The world is changing and we are forgetting.
“I think you realize something is no longer going be what it was. It creates a burning desire to possess the present moment, as a deeper immersion into what it is now, or in an effort to memorialize it. In the case of this film, it was the former.” -Shevaun Mizrahi on her film Distant Constellation.
This pretty much sums up what I do. I began traveling in the early phases of the globalization era, and it was clear that universes all over the planet were in transition. The old ways — cultures and traditions built up via gradual change and abrupt upheavals over centuries — were becoming faint memories, exchanged for the international culture. Cities were being demolished to be rebuilt to look like every other city. Our tools for communication and work were becoming standardized. The world was becoming same-paged, very, very quickly. And people rarely give a shit for what they have until it’s almost gone.

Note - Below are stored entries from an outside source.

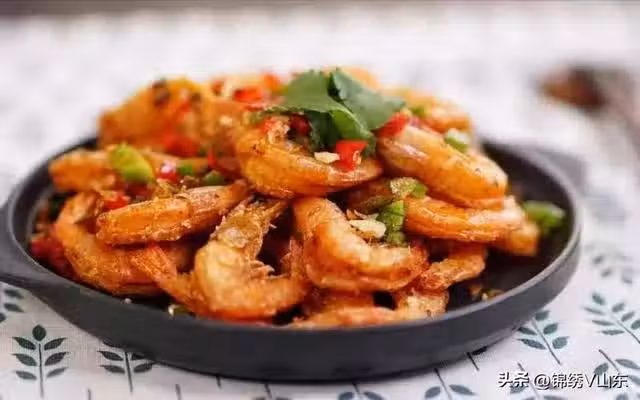 5.把鍋里油倒出,只需一點點油爆香蒜片和小米辣,入炸好的蝦翻兩下,再入椒鹽翻均勻即可出鍋
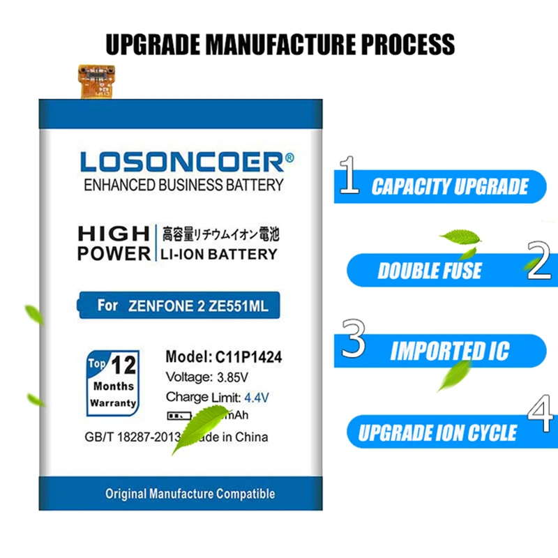 Профессиональная проверка всех батарей LOSONCOER прошла строгую проверку качества перед отправкой: 100% новый и O-цикл, без эффекта памяти, 72 часа испытания на старение, Статика при высокой температуре, И активирует внутренний химический элемент ячейки, обеспечивает стабильность зарядки и разрядки. Поэтому вам не нужно сразу активировать, зарядить или использовать.
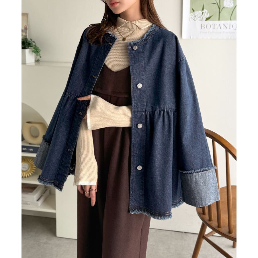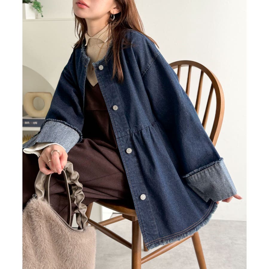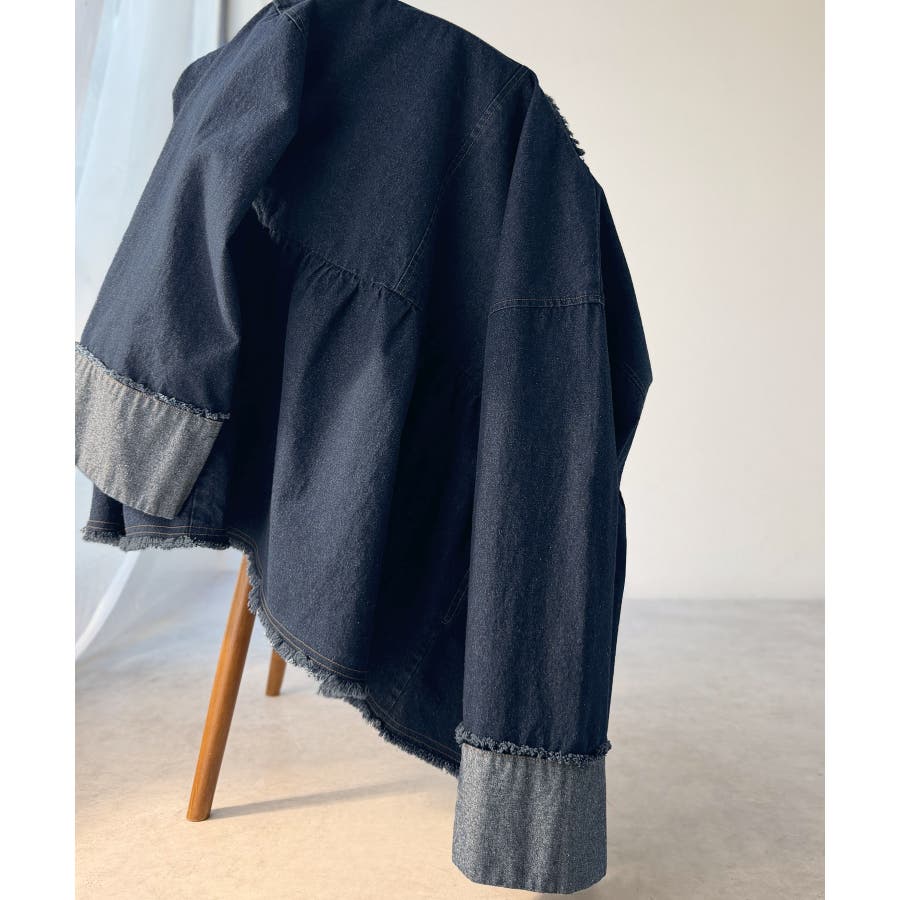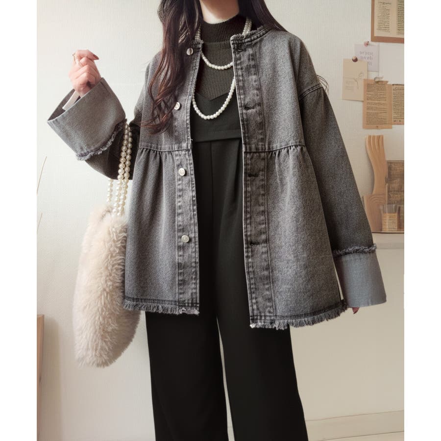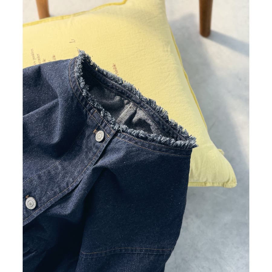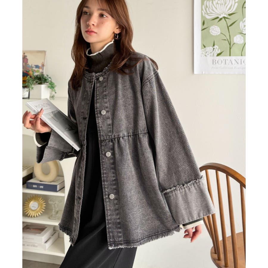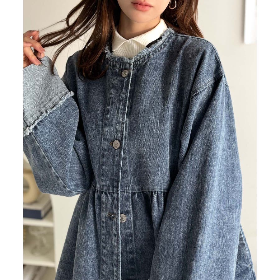 フリンジ×デニムの最強コンビ!綿100%ペプラムノーカラーデニムジャケット

So I documented change and transition, eventually falling upon the new city topic which I’ve been running with for the past six years or so. The new city epitomizes this change. Millions (yes, millions) of villages and rural towns are rapidly being wiped from existence and replaced with uber-modern cities that look just like every other city in the world that will be populated by the same people in every other city in the world.
I like to hang out in the liminal zones between these two universes. The places where modern high-rises pop up out of traditional villages. The places where skyscrapers rise up from farming towns. The raw conspicuousness and contrast here is startling. The miasma is spreading and everyone knows that they will soon be consumed. But life goes on, business as usual.
I don’t oppose the miasma. Rather, I’m fascinated by it. It’s something that has never happened before on this scale. Cultures go through phases of mixing together, absorbing elements from each other, and riding a stretch down the same line, only to split off again and go their own way. The world comes together just to break apart.
But this leaves me with the burning desire to possess, to document, the present moment.